Entering the 2001–02 season, the New Jersey Nets were enduring a three-year playoff drought and had a 73–141 record over that span. In 1999, the Nets hired Rod Thorn as team president and immediately, he hired the recently retired Byron Scott to coach New Jersey. Thorn then dealt for Stephon Marbury in a three-team trade with the Milwaukee Bucks and Minnesota Timberwolves, trading Sam Cassell away to the Bucks.  Due to the Nets' 31–51 season in 1999–00 season, they had the first overall pick in the 2000 NBA draft, which they used to select power forward Kenyon Martin out of the University of Cincinnati. Despite the reshuffling of the roster and a Rookie of the Year season for Martin, New Jersey struggled, ending the season with a 26–56 (.317) record, and were bestowed the 7th pick in the upcoming draft.

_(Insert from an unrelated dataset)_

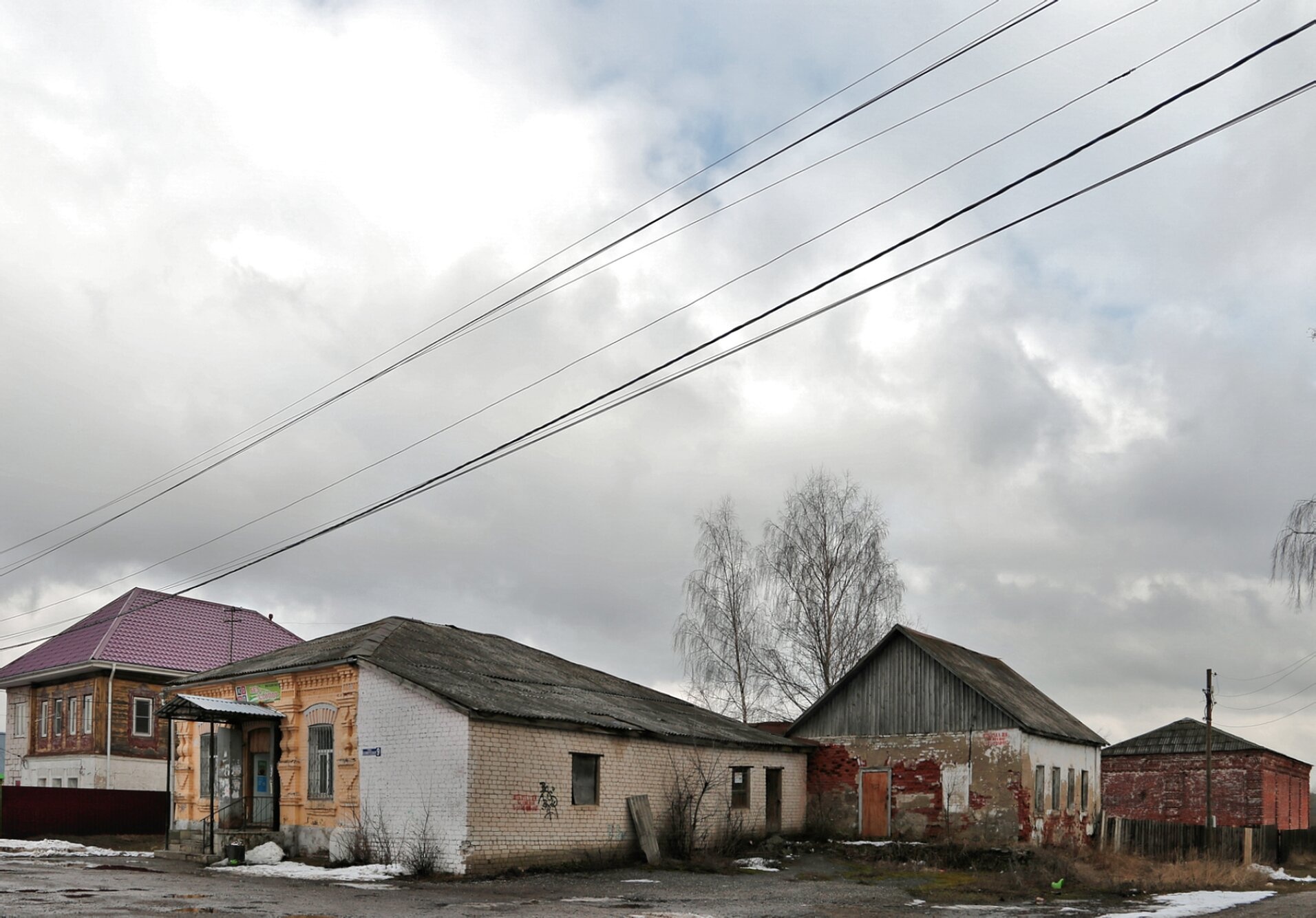Слева на фотографии виден двухэтажный дом с кровлей тёплого оттенка, вероятно, ранее служивший для размещения церковнослужителей или выполнения хозяйственных нужд прихода. В центральной части композиции расположены одноэтажные кирпичные строения, находящиеся ныне в ветхом состоянии. Фасад одного из зданий сохранил фрагменты жёлтой штукатурки, тогда как соседнее строение демонстрирует частично обнажённую кирпичную кладку, что свидетельствует о длительном отсутствии ремонтных работ.

With another lottery pick, Thorn dealt it to the Houston Rockets for draftees Richard Jefferson, Jason Collins and Brandon Armstrong. The next day, Phoenix Suns owner Jerry Colangelo announced a franchise-shaking trade; Phoenix would swap their point guard Jason Kidd for his New Jersey counterpart Stephon Marbury.

With the Princeton offense installed from the coaching staff, the Nets rebounded to a 52–30 (.634) mark, a twenty-six-win improvement from the last season, and clinched the number-one seed in the Eastern Conference. Kidd finished the season awarded with first team spots on both the All-NBA and All-Defensive Teams and was selected for his fifth All-Star game. He also finished runner-up to San Antonio Spurs power forward Tim Duncan in the Most Valuable Player voting. Richard Jefferson was an All-Rookie second team selection and Thorn, the architect of the franchise's resurgence, was awarded NBA Executive of the Year.

Game One
Wednesday, June 5, 2002, 6:00 at the Staples Center.

Los Angeles's Staples Center sold out for the inaugural game of the 2002 NBA Finals, with nearly 19,000 on hand. The Nets trotted out a lineup of Kidd, Kittles, Martin, Van Horn and MacCulloth to hold up against the two-time defending and heavily favored champions. The Lakers brought out Derek Fisher, Rick Fox, Shaquille O'Neal, Robert Horry, and Kobe Bryant, who drew the assignment of guarding Kidd. New Jersey head coach Byron Scott, a member of the Showtime Lakers, received a standing ovation.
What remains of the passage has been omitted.